Write out the following listing's lines from the one with "Canapé d'angle Memphis" to the one with "经过数小时的飞行,完成任务的", exactly, with both included and no others.

MATERIAL PROVIDED =
- Opening Delimiter -

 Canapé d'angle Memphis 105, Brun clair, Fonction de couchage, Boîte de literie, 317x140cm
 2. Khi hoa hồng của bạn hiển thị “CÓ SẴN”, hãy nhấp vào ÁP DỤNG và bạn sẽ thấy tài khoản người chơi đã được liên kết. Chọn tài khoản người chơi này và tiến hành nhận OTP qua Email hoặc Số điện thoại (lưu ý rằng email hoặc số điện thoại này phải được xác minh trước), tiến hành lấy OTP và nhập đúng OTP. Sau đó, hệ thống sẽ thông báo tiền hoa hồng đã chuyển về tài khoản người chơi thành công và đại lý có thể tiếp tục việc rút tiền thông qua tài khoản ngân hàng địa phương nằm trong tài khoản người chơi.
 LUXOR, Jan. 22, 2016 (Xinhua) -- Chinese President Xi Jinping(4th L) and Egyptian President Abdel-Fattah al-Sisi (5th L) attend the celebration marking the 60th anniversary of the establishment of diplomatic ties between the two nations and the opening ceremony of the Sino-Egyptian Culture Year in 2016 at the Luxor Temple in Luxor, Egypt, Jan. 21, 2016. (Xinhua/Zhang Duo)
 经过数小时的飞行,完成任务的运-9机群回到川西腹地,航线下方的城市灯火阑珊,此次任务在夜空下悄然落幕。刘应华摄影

- Closing Delimiter -
- Opening Delimiter -

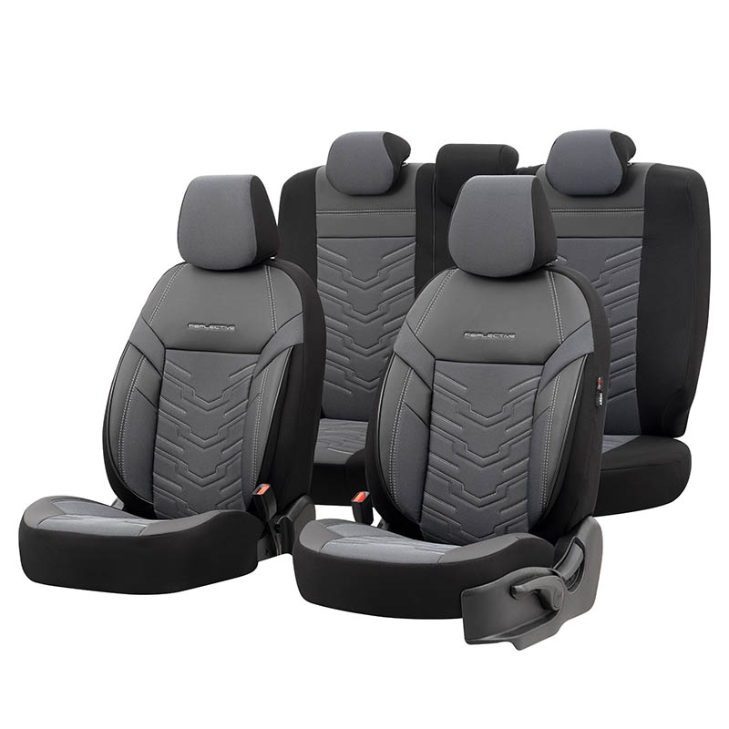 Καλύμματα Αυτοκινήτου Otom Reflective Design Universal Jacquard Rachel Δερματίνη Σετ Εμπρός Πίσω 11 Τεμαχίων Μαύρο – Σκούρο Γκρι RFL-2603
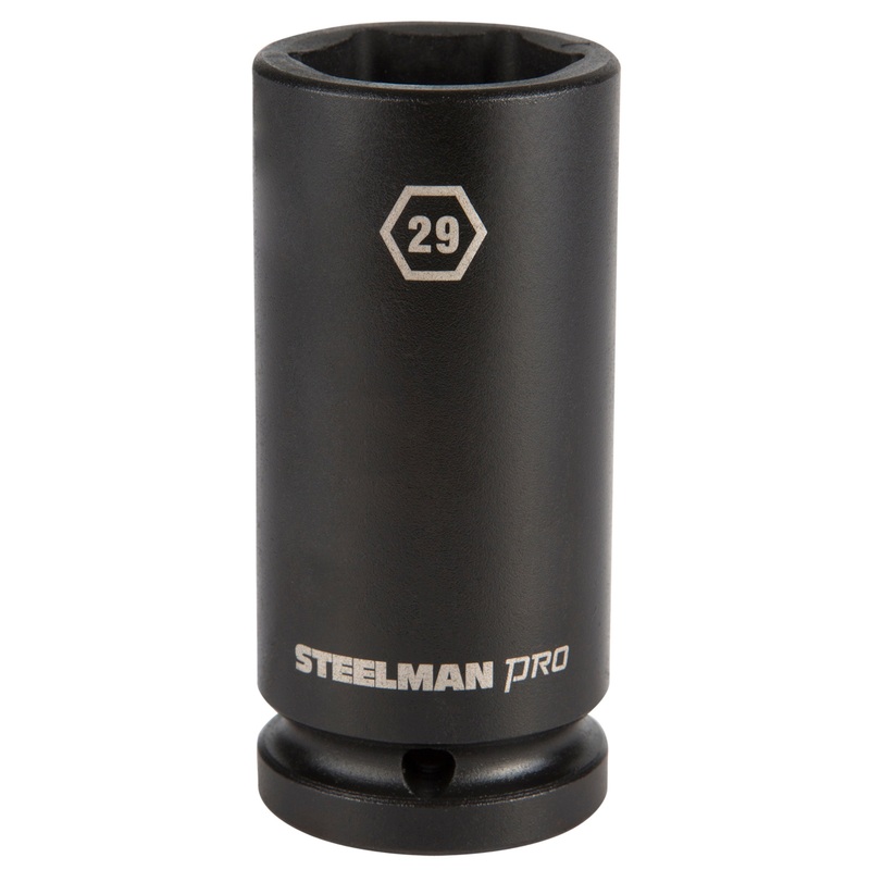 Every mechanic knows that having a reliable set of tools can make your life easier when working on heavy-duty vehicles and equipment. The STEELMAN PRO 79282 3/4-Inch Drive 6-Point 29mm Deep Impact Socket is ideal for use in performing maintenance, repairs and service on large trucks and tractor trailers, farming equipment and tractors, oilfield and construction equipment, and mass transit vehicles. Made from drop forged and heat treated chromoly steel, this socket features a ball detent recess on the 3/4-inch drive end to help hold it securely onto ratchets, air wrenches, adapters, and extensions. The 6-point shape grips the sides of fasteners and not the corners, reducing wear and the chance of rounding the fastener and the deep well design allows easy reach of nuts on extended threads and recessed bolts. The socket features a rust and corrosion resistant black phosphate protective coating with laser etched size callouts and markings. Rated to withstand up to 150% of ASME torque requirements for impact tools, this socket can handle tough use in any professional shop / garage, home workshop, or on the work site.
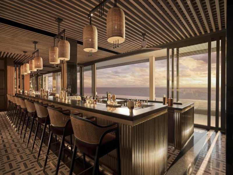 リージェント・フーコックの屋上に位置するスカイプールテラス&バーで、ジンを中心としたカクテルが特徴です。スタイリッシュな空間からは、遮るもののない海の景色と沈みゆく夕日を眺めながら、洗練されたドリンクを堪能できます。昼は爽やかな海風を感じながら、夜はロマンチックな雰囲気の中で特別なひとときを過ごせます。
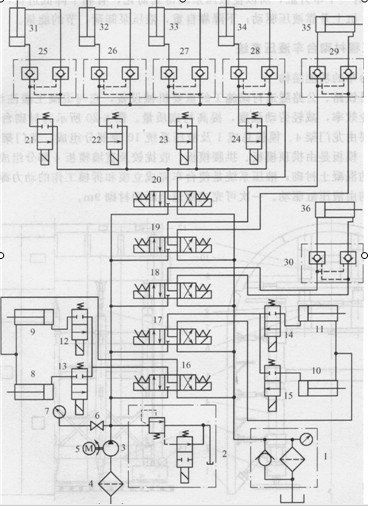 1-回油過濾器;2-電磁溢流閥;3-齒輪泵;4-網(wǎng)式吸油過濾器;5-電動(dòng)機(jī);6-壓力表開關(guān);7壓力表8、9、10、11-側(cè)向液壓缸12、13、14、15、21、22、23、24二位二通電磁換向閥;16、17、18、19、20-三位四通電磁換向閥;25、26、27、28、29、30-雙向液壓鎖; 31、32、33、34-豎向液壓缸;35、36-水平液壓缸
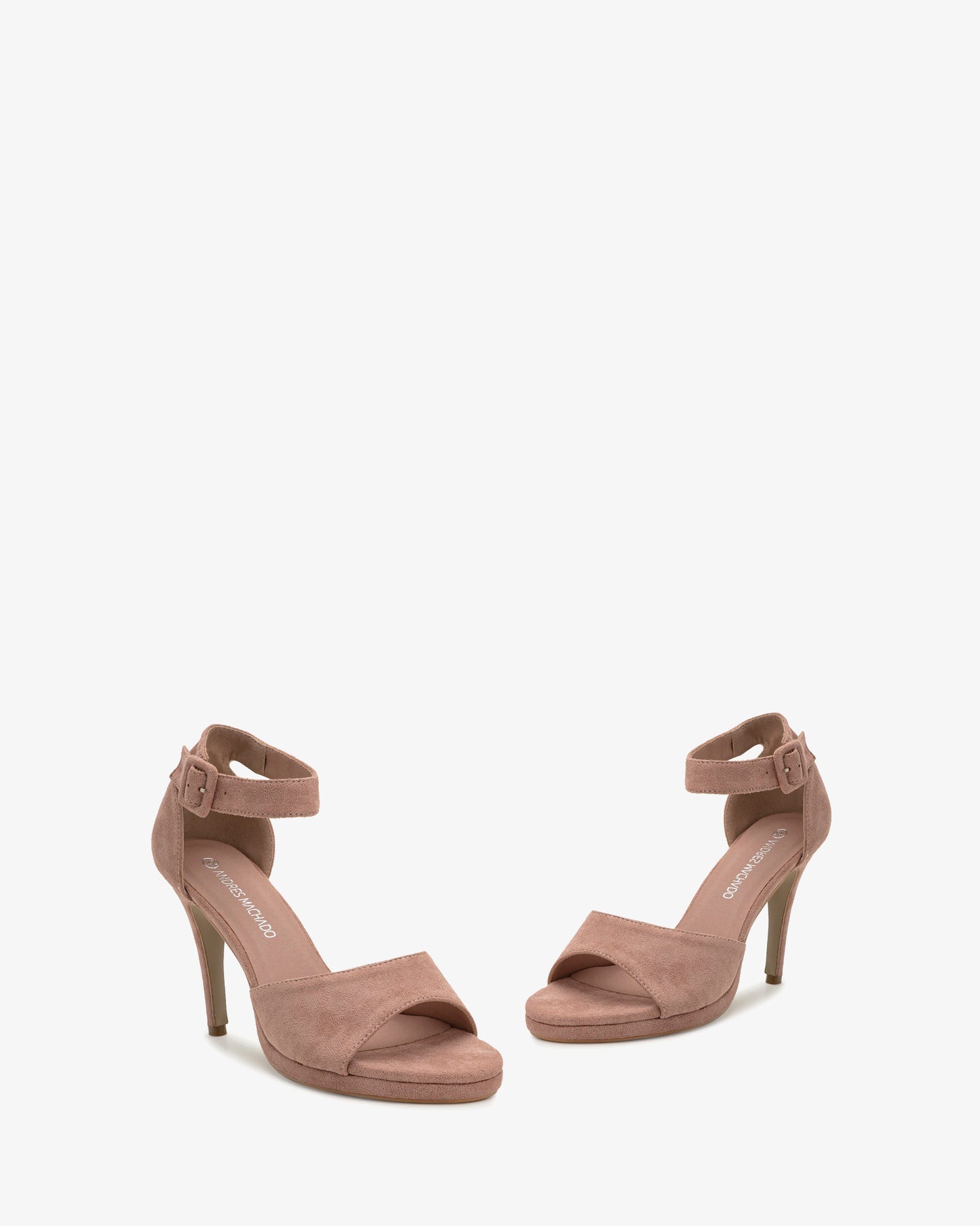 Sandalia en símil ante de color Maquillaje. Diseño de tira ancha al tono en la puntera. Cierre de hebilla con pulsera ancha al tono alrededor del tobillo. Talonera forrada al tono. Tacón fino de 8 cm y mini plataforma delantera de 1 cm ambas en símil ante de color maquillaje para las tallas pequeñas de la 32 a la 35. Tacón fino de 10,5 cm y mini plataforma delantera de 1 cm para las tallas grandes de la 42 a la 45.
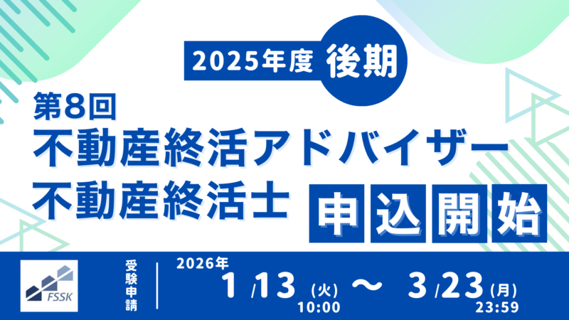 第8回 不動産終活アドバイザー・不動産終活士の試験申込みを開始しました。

- Closing Delimiter -
- Opening Delimiter -

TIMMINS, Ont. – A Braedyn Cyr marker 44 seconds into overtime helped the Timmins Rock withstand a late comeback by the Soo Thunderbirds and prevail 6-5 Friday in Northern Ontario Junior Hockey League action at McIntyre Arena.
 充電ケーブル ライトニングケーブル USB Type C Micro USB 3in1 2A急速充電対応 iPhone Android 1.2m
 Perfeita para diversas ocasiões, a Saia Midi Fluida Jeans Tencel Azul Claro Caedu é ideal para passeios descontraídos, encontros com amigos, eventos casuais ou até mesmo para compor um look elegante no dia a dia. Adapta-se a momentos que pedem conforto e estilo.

- Closing Delimiter -

ANSWER TO THE EXERCISE =
 Canapé d'angle Memphis 105, Brun clair, Fonction de couchage, Boîte de literie, 317x140cm
 2. Khi hoa hồng của bạn hiển thị “CÓ SẴN”, hãy nhấp vào ÁP DỤNG và bạn sẽ thấy tài khoản người chơi đã được liên kết. Chọn tài khoản người chơi này và tiến hành nhận OTP qua Email hoặc Số điện thoại (lưu ý rằng email hoặc số điện thoại này phải được xác minh trước), tiến hành lấy OTP và nhập đúng OTP. Sau đó, hệ thống sẽ thông báo tiền hoa hồng đã chuyển về tài khoản người chơi thành công và đại lý có thể tiếp tục việc rút tiền thông qua tài khoản ngân hàng địa phương nằm trong tài khoản người chơi.
 LUXOR, Jan. 22, 2016 (Xinhua) -- Chinese President Xi Jinping(4th L) and Egyptian President Abdel-Fattah al-Sisi (5th L) attend the celebration marking the 60th anniversary of the establishment of diplomatic ties between the two nations and the opening ceremony of the Sino-Egyptian Culture Year in 2016 at the Luxor Temple in Luxor, Egypt, Jan. 21, 2016. (Xinhua/Zhang Duo)
 经过数小时的飞行,完成任务的运-9机群回到川西腹地,航线下方的城市灯火阑珊,此次任务在夜空下悄然落幕。刘应华摄影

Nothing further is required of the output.